Ms. Zecha: This is inspiring me to figure out how I can better do that for our team. In terms of our practice, you can know all the accreditation requirements and all the rules that are coming down the pike, but implementing change is a huge endeavor. I’m salivating about working with a government relations team to get information ahead of time, as Jason mentioned. I would love the chance to be proactive, rather than reactive.
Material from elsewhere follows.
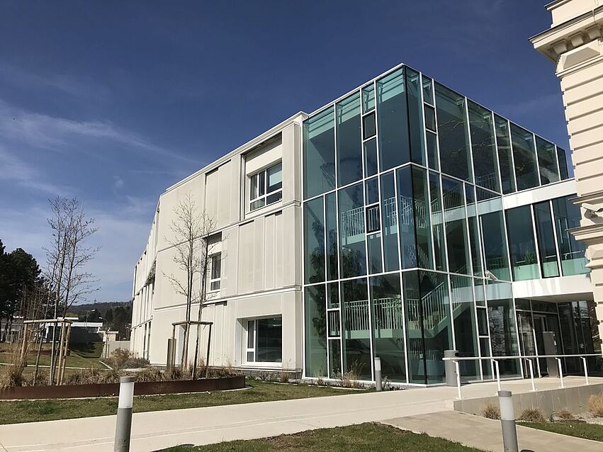 Space heating for building I07 is provided by the biomass-supplied local heating network located on the IST Austria site. The extremely low demand for service hot water is generated decentrally and directly electrically in order to minimise distribution losses. The cooling supply is provided by an air-conditioning chiller. Basic heating and cooling is provided in the offices via concrete core activation, while underfloor convectors (lounge) and radiators in corridor areas ensure sufficient heating load coverage in exposed areas. In the conference rooms and the lounge, additional wall induction outlets are provided for air cooling when the number of occupants is high. Outside operating hours or when the rooms are not occupied, the air volumes can be regulated to a minimum flow rate in an energy-saving manner. Highly efficient heat and moisture recovery (the main ventilation system of the office building is equipped with rotary heat exchangers) ensure excellent indoor air comfort with the lowest energy consumption. At the same time, the drive energy of the fans was also optimised The systems are designed for the smallest possible pressure loss (whereby particular emphasis was placed on demand-oriented air change rates, short duct systems, reduction of deflections, flow optimisation of the fittings and low air velocities in the system).

Networking and relationship-building like that are huge components of staying informed about changing quality, accreditation, or fiscal initiatives. Recently, the COVID-19 pandemic has majorly limited our ability to do that. There’s no watercooler where we can gather and say, “Oh, by the way, did you hear about such and such initiative?”
One thing that I love about my team is that we empower our APs to use their voices and to speak up when they see something that could be improved upon. They are even encouraged to speak up when they see an innovative change that could positively impact the operational bottom line or improve access to care. For example, our practice went live with the Epic EMR system a couple of months ago, which we are still stumbling through. In Basket, the system’s communications hub, has been the bane of our existence. We requested some specific changes to prevent us all from burning out, but those were denied. Our university counterparts paid attention to our requests, even though they did not necessarily understand how our teams functioned, and once our practice made the argument that we needed these changes, some of them were actually implemented. Empowering people to speak up is how you make those incremental changes stick.
Dr. Wilks: To add to the networking aspect, working with Jason and Gabrielle and other AP leaders from oncology centers around the U.S. has been incredibly helpful. We share our perspectives, what’s working at our centers, and get inspiration for how we can implement changes into our own practices. From the institutional perspective, it’s so important for everyone to have a seat at the table for a lot of these initiatives and projects. We strive to have an AP representative on every committee, in every type of project management, performance improvement, or quality project. That AP is there to lend his or her voice and insight to the discussion, and then to bring back that information to the rest of the team.
Dr. Kurtin: That’s vital. As director of advanced practice and clinical integration at my clinic, the “clinical integration” piece is where I am called to engage in practice transformation. You can make all the rules you want, but creating workflows to put those rules in place requires knowledge about how all these pieces work together.